La Comisión Económica para América Latina y el Caribe (Cepal) está proponiendo para nuestro subcontinente un cambio estructural para la igualdad. Y la razón es más que evidente: la desigualdad campa a sus anchas por toda Latinoamérica; en lugar de disminuir en la medida que ha avanzado el nivel de desarrollo en la región —tal como prometieron los estrategas neoliberales—, ha ido en aumento. A pesar del crecimiento económico de la última década, la pobreza y la indigencia no han desaparecido, y la riqueza de un muy pequeño sector se ha incrementado enormemente. Para este sector, hablar de igualdad es molesto, en tanto cuestiona su condición privilegiada. A otros les parece anacrónico, pues lo asocian a principios comunistas. Pero para quienes defienden y viven los principios del cristianismo, la igualdad es un imperativo que brota de la dignidad de la que gozan todas las personas y del derecho irrenunciable que toda la humanidad tiene a una vida digna.

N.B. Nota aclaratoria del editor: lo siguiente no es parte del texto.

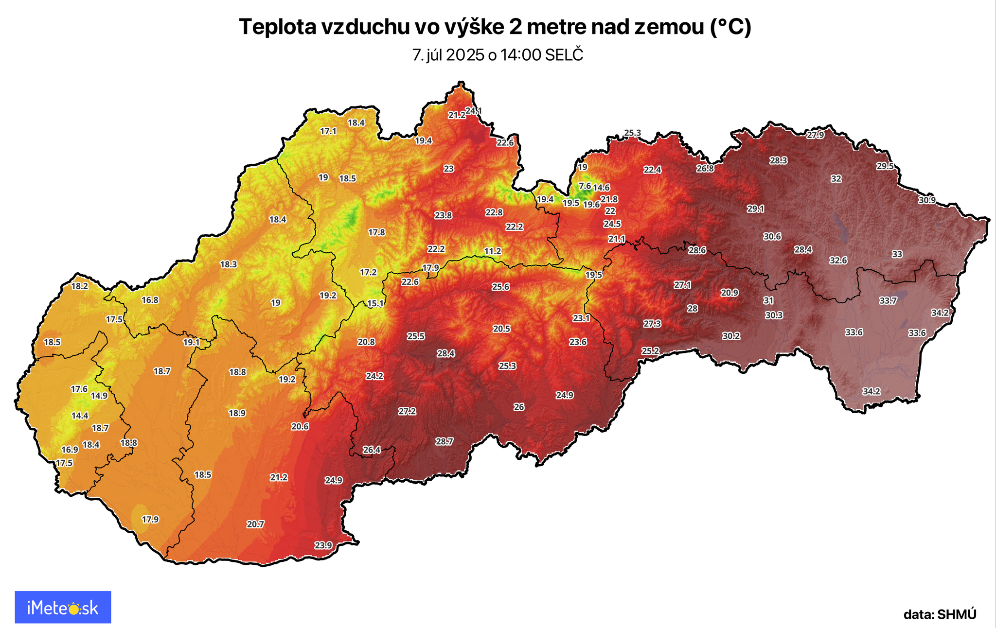 Práve na východnom Slovensku ešte prevláda horúce počasie s teplotami atakujúcimi +35 °C, ktoré vytvárajú ideálne podmienky pre vznik silných búrok, zatiaľ čo v západnej polovici nášho územia teploty neprekračujú +20 °C.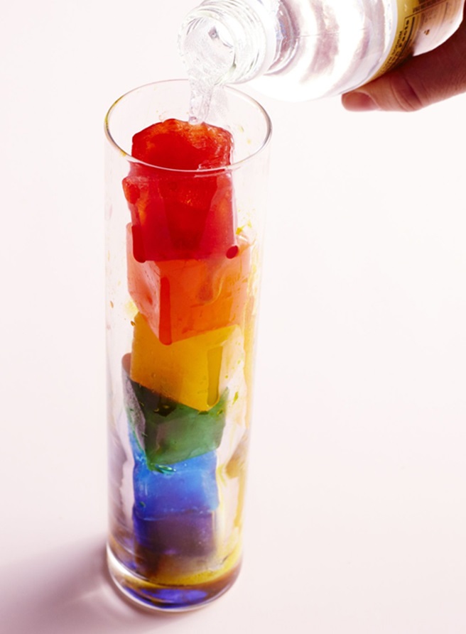 계량컵에 빨강, 주황, 노랑, 초록, 파랑, 혹은 보라색 식용색소를 각 6방울씩 담는다. (접시마다 한 가지 컬러만 사용할 것.) 이를 실리콘 얼음 틀에 부어 각 컬러 별로 얼음을 한 개씩 만들어두도록 한다. 얼음이 언 후에는, 콜린스 잔에 다음의 순서로 넣는다: 보라, 파랑, 초록, 노랑, 주황, 그리고 빨강. 앱솔루트에 민트 잎과 얼음을 넣어 가볍게 섞은 후, 무지개 빛 얼음을 차례로 담아놓은 잔에 붓는다. 마지막으로 탄산수를 붓는다.

El Salvador, por supuesto, no escapa al problema de la desigualdad. Nuestra economía apenas ha crecido en términos reales a lo largo de los últimos cincuenta años, lo que significa que el pastel a repartir ha conservado su tamaño. A pesar de ello, un pequeño grupo exhibe un nivel de vida y consumo cada vez mayor. Lo que se puede apreciar en la proliferación de residencias, vehículos y centros de entretenimiento de lujo. Si el pastel sigue siendo el mismo, esto significa que este grupo ha logrado que crezca su porción en la misma medida en que se reduce la del resto de la población; en otras palabras, mientras los ingresos de unos pocos aumentan, los del grueso de salvadoreños disminuyen. Y como es sabido, la desigualdad y la falta de oportunidades para un amplio sector de la población generan conflictos sociales y abonan al incremento de la violencia y la inseguridad ciudadana.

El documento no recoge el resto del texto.